A dress that makes me hear Elton John singing “Tiny Dancer” when I twirl in front of the mirror.
A few days ago, I put on the little black dress for the first time in 15 years. In other words, for the first time since having my 1-2-3 children. Even with the assistance of my husband and a family friend, we could not get the zipper to budge above my waist.
I insisted that love for my children, not love of Haagen Dasz, is the culprit. My rib cage popped out several inches with each pregnancy and never quite popped back in afterwards. (This rib-cage expansion is documented by several objective pregnancy books, okay?)

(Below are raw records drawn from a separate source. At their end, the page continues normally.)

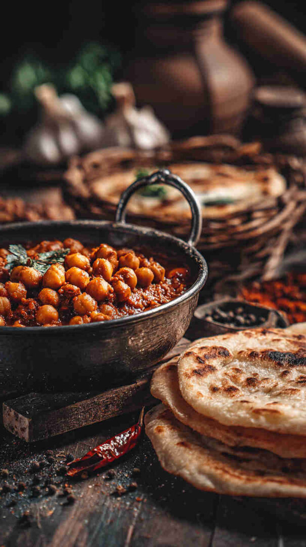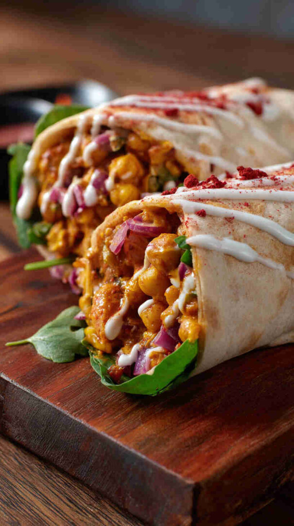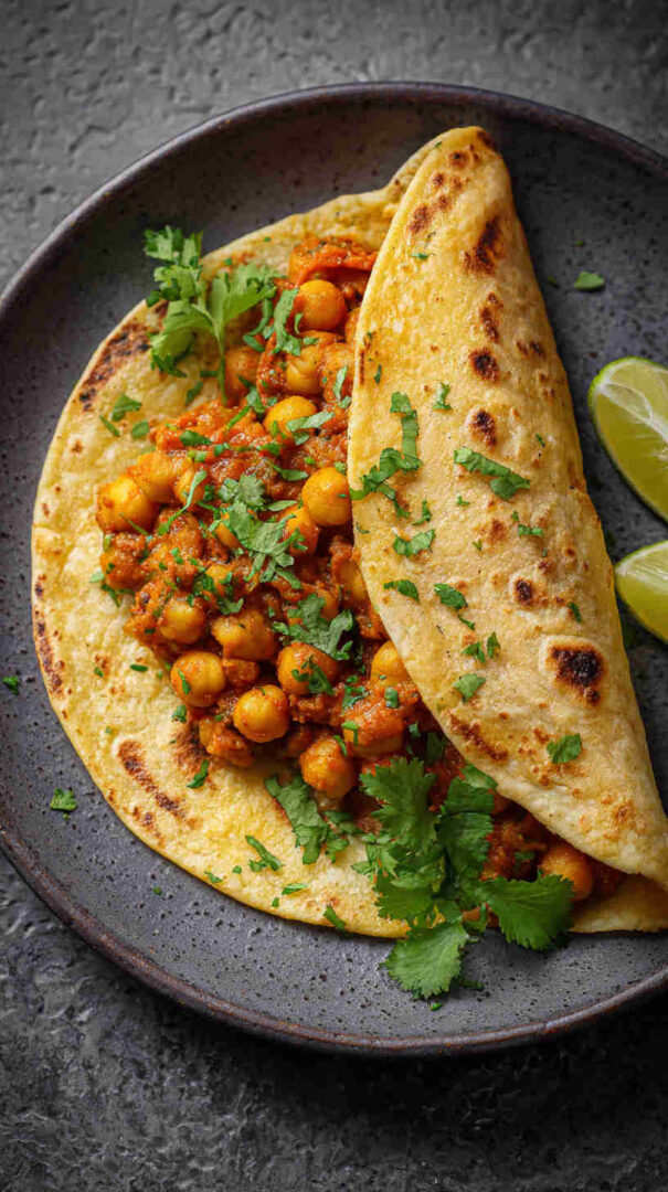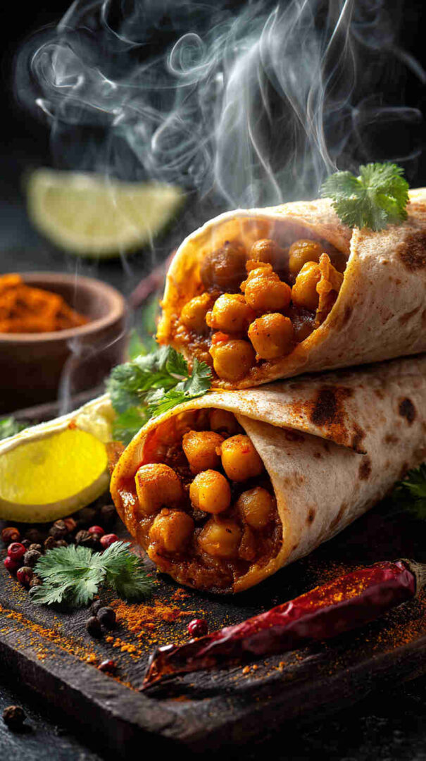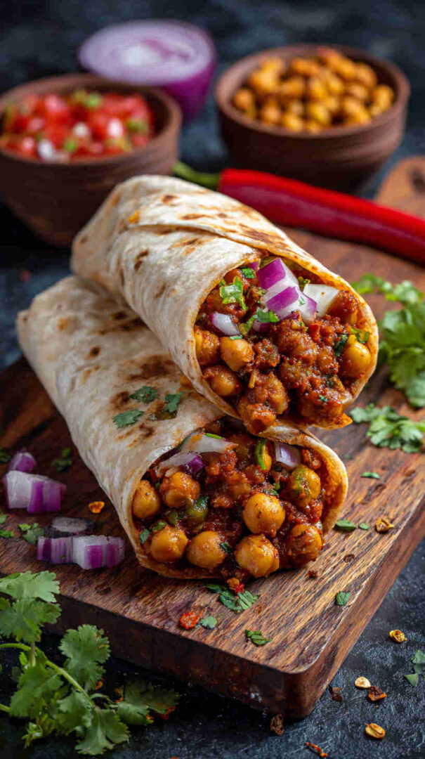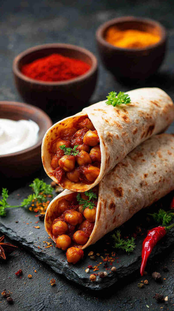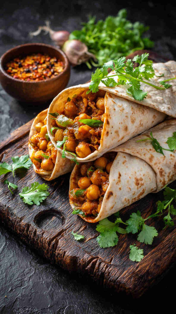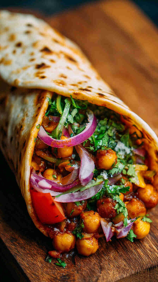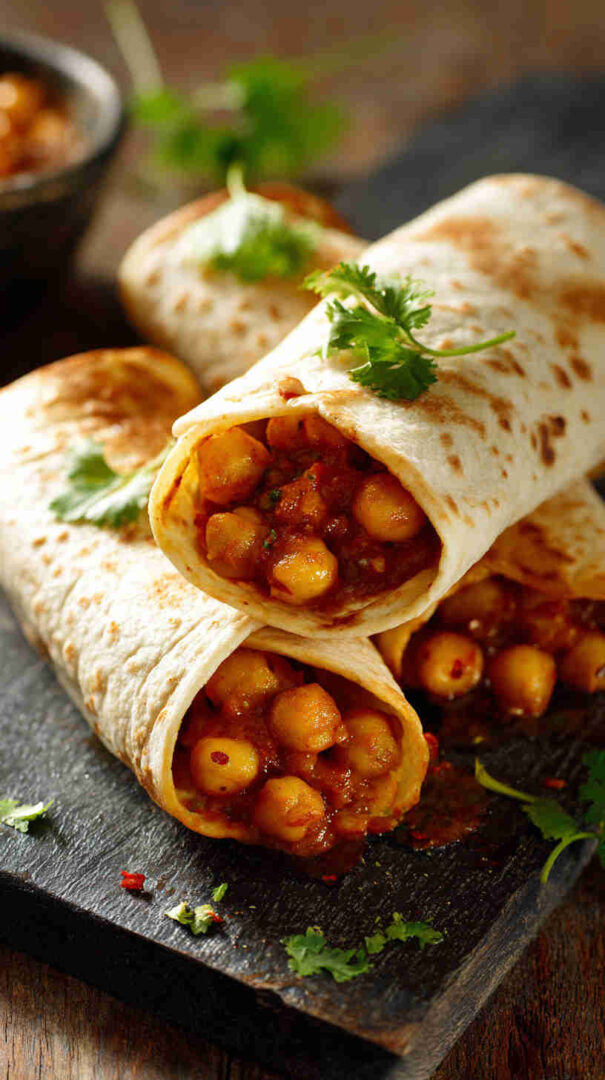 - Serve street-food style: Warm your favorite wraps, naan, or tortillas. Pile in the chana masala, add extra cilantro, sliced onions, or yogurt if desired, then roll tightly.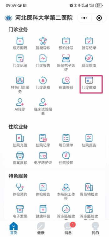 1. 微信搜索【河北医科大学第二医院互联网医院】小程序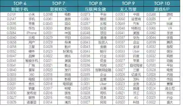 行业领域类:行业、电商、游戏、投资、广告、人工智能、智能手机等;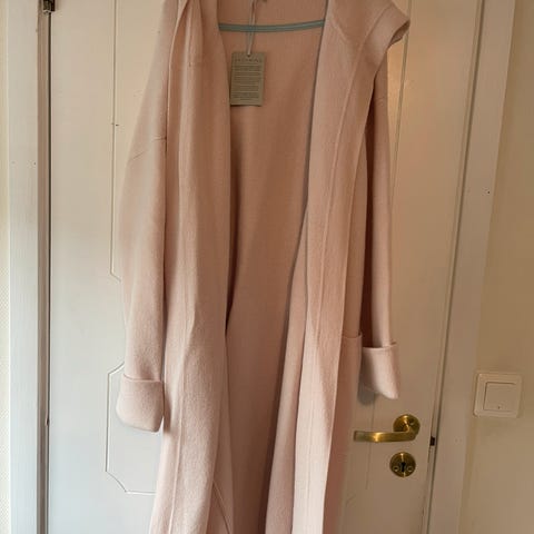 Helt nydelig kåpe fra Kashmina! Den er ikke brukt! Kan brukes inne og ute etter hva man ønsker. Mykeste plagget som finnes! Fargen er lys med en liten touch av rosa. Str M Ny pris er 7000,- selges kr 4500,- fin julegave. Jeg kan sende bilder av min om ønskelig. Selges fortsatt i butikk så jeg går ikke lavere. Kan hentes hos meg, prøves eller sendes mot at kjøper betaler porto

Does it matter than I also packed on 10 pounds with each baby? I say not.
Motherhood has forced me to give up many things for my children. My business career. Hundreds of hours of sleep. Any claims to sanity.
But I am not giving up that dress.
When the dress wouldn’t zip properly, I floated the ingenious idea of wearing the dress unzipped. Why not? I thought it looked very Gisele Bundchen, very Project Runway.
My husband and children did not agree. There was some muttering about changing the locks if I left the house with the dress unzipped in the back. I took it off and hung it on a hook in the hallway, as you would a baby picture of your grandmother or an award your child had won.
Then, luckily, I discovered Corsets USA. Thank God for the Internet. Who knew that nearly 150 years after Scarlett O’Hara had her maid pull her corset strings to achieve that 17 inch waist, and 100 years since Lady Sybil Grantham abandoned her corset in a brave act of women’s lib, that an American website would exist with the sole purpose of selling hundreds of corsets made of metal?
Who knew I would be so utterly delighted with this news? I am a rabidly recovered anorexic. An avowed never-dieter. Someone who loves her body AS IS!
Yet within 10 minutes of discovering Corsets USA and measuring my waist, I bought two of these contraptions. They arrived yesterday via rush delivery. It took me 30 minutes to figure out how to hook up the front and cinch up the back. (Let’s just say, corset technology has not changed much since Scarlett O’Hara’s day.)
And I cannot wait to wear that black dress again.